There are times when a searching parent can’t see everything, but God sees everything. God knows where we are, even when no one else does.
Jesus told the parables about the lost sheep and the lost coin, because he came to seek the lost. There were people who thought so highly of themselves that they thought they didn’t need Jesus to find them. They didn’t know, or they wouldn’t admit, that they were lost.
Some of those lost people looked down on others whom they thought were not as good as they were. They thought these so-called inferior people were the ones who were really lost; but they had no intention of hunting for them or finding them. “Let them stay lost,” they said.
They looked down on Jesus, and they thought they were better than he was, because Jesus searched for little things. Jesus searched for those whom the self-righteous people thought should just stay lost.
Jesus came to be the great seeker, the searcher, the hunter, the rescuer. Jesus is God in the flesh. So he is a really good hunter. He knows what to do. He knows how to track his prey. He knows how to flush us out of hiding. The cross shows us who Jesus is hunting for: those who need mercy and forgiveness.
When people met Jesus, and judged him, they demonstrated that they didn’t know their way around the kingdom of God as well as they thought they did. This was because they were really just as lost as anyone could be.
When Adam and Eve ate the forbidden fruit, the Fruit of the Knowledge of Good and Evil, it was because they wanted to be in charge of their own search for truth and meaning. That was when they, and we, got lost.
We are lost children searching for ourselves in the forest. We are generally getting more and more lost; until we give the job of finding us to the Lord: letting ourselves be found.
When Adam and Eve hid in the Garden of Eden, they didn’t want to be found, and they didn’t want to admit that they were lost.
If they let God find them, or if they admitted they were lost, then it would be the same thing as admitting that God was right; that God should be in charge of them. That’s why they got themselves in so much trouble. Most of the bad and the terrible things that happen in our world are the work of people who don’t want to admit to being wrong and lost. They don’t want to be flushed out of hiding by any truth that they are not in charge of.
In Eden, and in the Israel of Hosea, and in the Gospels, it’s the people of God who are lost along with everyone else.
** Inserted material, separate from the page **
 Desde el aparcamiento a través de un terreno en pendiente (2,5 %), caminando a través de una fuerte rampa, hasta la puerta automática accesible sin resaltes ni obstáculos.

Even God’s people need to stop and let the Lord be their hunter and finder. They need to let themselves be found.
Sometimes, in the gospels, there are people who think they have found the Lord. In the end, though, they realize that they were lost and found.
Jesus is God come in the flesh, just as he is. The people he met didn’t have an easy time with this.
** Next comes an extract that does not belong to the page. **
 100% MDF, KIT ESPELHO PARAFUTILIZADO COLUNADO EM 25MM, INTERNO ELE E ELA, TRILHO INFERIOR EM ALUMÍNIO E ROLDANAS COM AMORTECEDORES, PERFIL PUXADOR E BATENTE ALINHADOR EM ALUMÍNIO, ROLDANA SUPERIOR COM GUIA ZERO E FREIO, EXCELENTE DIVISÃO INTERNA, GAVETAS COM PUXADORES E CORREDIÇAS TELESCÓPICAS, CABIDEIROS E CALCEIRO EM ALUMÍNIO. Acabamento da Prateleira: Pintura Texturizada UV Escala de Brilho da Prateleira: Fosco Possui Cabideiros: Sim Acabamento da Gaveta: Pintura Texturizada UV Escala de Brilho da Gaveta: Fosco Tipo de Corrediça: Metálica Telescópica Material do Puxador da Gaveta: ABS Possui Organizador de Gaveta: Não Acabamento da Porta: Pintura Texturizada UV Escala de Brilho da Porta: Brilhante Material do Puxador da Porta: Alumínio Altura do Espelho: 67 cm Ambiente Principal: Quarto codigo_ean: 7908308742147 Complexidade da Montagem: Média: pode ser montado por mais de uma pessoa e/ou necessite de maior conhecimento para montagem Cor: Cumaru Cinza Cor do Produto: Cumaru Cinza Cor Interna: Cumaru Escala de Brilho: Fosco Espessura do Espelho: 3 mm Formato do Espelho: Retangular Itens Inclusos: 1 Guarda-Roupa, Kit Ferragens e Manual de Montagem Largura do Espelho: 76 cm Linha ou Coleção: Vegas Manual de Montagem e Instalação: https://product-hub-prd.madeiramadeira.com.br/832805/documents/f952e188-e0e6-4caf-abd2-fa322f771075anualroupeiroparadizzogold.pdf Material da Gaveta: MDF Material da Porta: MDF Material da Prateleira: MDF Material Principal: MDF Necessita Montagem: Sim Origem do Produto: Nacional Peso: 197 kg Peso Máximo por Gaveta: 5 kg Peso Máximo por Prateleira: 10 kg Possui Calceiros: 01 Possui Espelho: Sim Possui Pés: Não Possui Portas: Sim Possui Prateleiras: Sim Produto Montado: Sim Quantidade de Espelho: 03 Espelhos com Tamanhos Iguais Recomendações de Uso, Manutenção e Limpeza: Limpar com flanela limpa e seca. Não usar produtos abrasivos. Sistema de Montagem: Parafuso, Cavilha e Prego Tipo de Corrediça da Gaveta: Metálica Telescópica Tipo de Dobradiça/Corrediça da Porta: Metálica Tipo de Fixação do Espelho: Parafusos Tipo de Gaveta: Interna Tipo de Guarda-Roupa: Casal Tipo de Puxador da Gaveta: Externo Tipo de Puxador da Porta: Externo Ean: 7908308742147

In the Garden of Eden, in the Israel of Hosea, in the gospels of Jesus, whenever someone was found, they were not given what they were searching for. They were given a new relationship with the Lord where the Lord was in charge.
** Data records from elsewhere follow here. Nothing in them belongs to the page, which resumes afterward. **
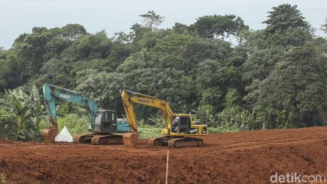 Dua alat berat atau eskavator beraktivitas di sisi timur Stadion Pakansari, Kabupaten Bogor, Jumat (14/7/2023).
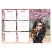 Расписание уроков А4, арт. 68852/ 50 БРЮНЕТКА С СОБАЧКОЙ (210x297 мм, материал: мелованный картон 235 г/м², полноцветная печать, декор: выборочный УФ-лак; цвет: коричневый, розовый, чёрный; индивидуальная упаковка: нет)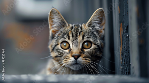 © whoopwhoops, Fototapeta premium cute cat, multi colored kitty with curious eyes

This wasn’t what they were looking for. It was something different, something that would take them places they had not thought of before, something better.
The key to the Christian life is not in finding Christ, but being found by Christ. Suddenly this huge bloody and scarred shape comes crashing through the undergrowth, and there is Jesus. There he is. There God is. And he says, “Now what are you going to do with me?”
I see in God a glory, and a holiness, and a beauty that are so high, so magnificent, and God says, “What are you going to do with me?” Again, I see Jesus bloody, and bruised, and crucified for me; sacrificed for my sins, and for the whole world, and he says, “What are you going to do with me?”
I haven’t been given this choice because I am the one who is in charge. I have been given this choice because Jesus is the one in charge. I need to decide that, yes, this is so. Then I will let myself be the one who is found, and no longer the one who insists on doing the finding.

This is what God is all about. This is why Jesus came. And he says, “What will you do with me? Will you let yourself be found?”